Records drawn from a dataset ▸
# # # #

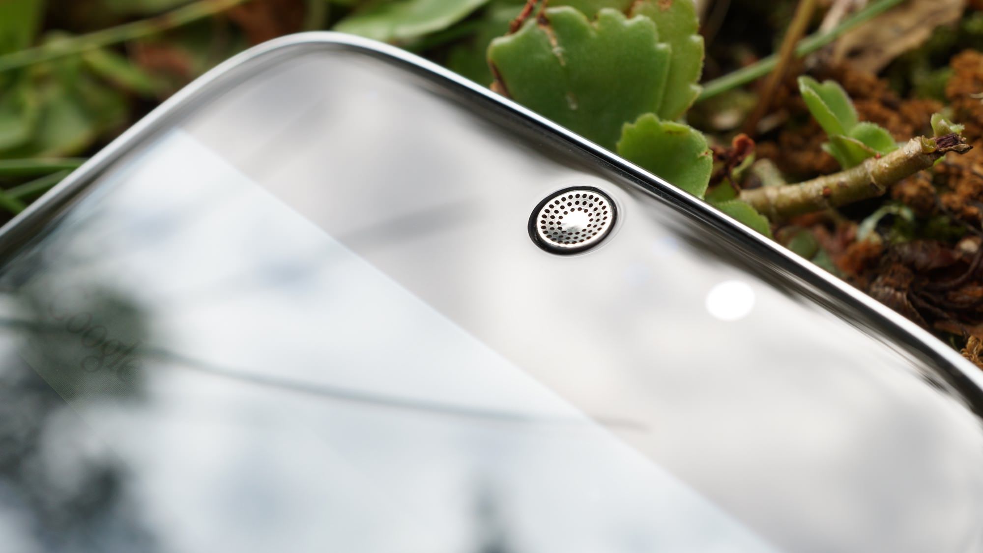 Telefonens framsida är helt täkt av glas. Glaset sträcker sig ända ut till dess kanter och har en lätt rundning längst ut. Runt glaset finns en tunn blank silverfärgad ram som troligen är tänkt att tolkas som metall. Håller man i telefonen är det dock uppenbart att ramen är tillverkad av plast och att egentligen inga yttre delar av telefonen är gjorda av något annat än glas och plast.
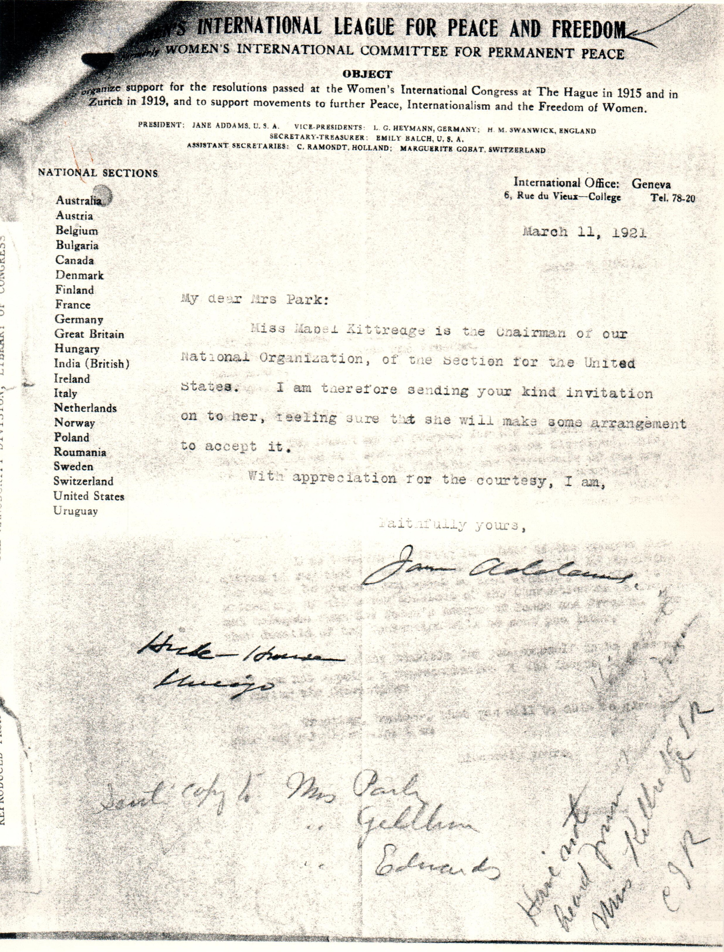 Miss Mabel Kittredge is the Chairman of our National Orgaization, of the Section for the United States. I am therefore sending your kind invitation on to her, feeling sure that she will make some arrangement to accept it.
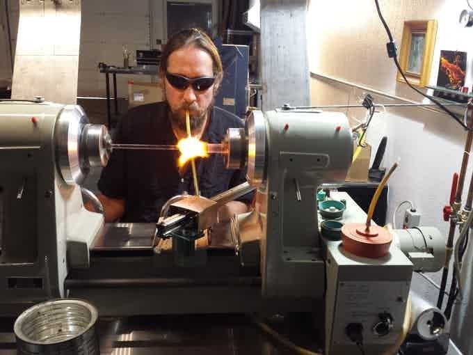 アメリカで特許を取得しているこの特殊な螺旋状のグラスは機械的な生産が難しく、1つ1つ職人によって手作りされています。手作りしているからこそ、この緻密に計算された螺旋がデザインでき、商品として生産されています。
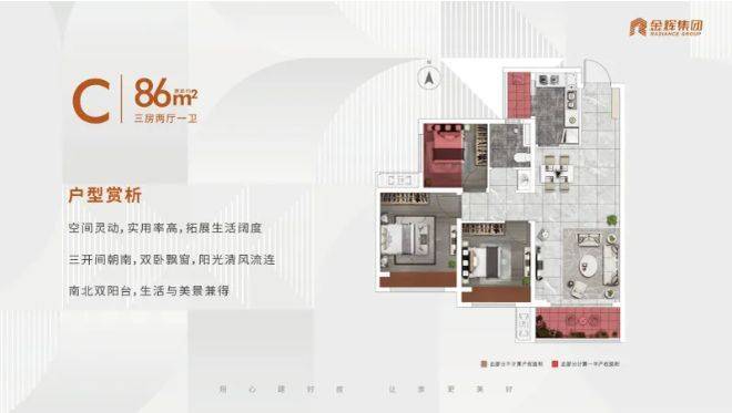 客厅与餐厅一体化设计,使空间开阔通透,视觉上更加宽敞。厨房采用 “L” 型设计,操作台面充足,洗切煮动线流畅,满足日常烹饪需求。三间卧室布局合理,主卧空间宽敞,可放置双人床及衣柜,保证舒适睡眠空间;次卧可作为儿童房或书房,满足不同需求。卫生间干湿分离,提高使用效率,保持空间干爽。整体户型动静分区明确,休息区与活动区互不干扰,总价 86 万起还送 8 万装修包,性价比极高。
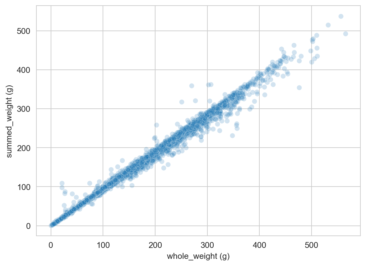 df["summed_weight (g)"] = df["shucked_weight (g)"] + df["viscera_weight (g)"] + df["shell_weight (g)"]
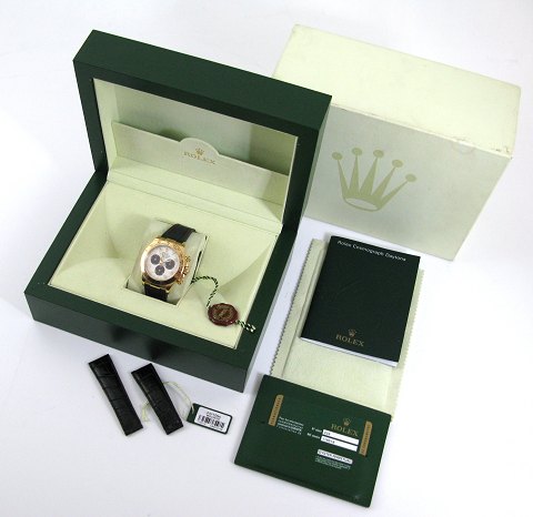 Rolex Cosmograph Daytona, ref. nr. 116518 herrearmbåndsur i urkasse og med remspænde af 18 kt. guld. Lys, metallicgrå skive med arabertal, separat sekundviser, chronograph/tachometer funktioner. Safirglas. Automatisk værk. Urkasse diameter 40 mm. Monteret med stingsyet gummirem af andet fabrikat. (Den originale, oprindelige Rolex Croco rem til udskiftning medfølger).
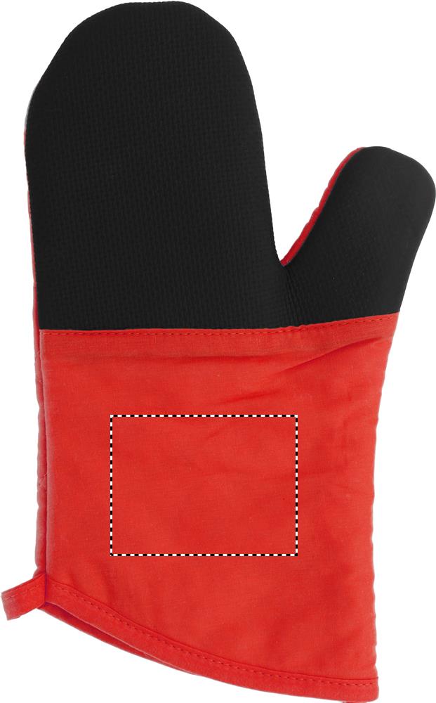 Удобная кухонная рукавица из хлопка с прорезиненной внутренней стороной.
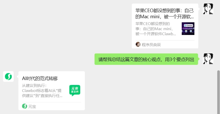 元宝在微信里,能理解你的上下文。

# # # #

Only one thing is required: an exact printout of the lines from the line containing "Удобная кухонная рукавица" through the last line of the records, pictures excluded.

RESPONSE TO THE EXERCISE ▸
 Удобная кухонная рукавица из хлопка с прорезиненной внутренней стороной.
 元宝在微信里,能理解你的上下文。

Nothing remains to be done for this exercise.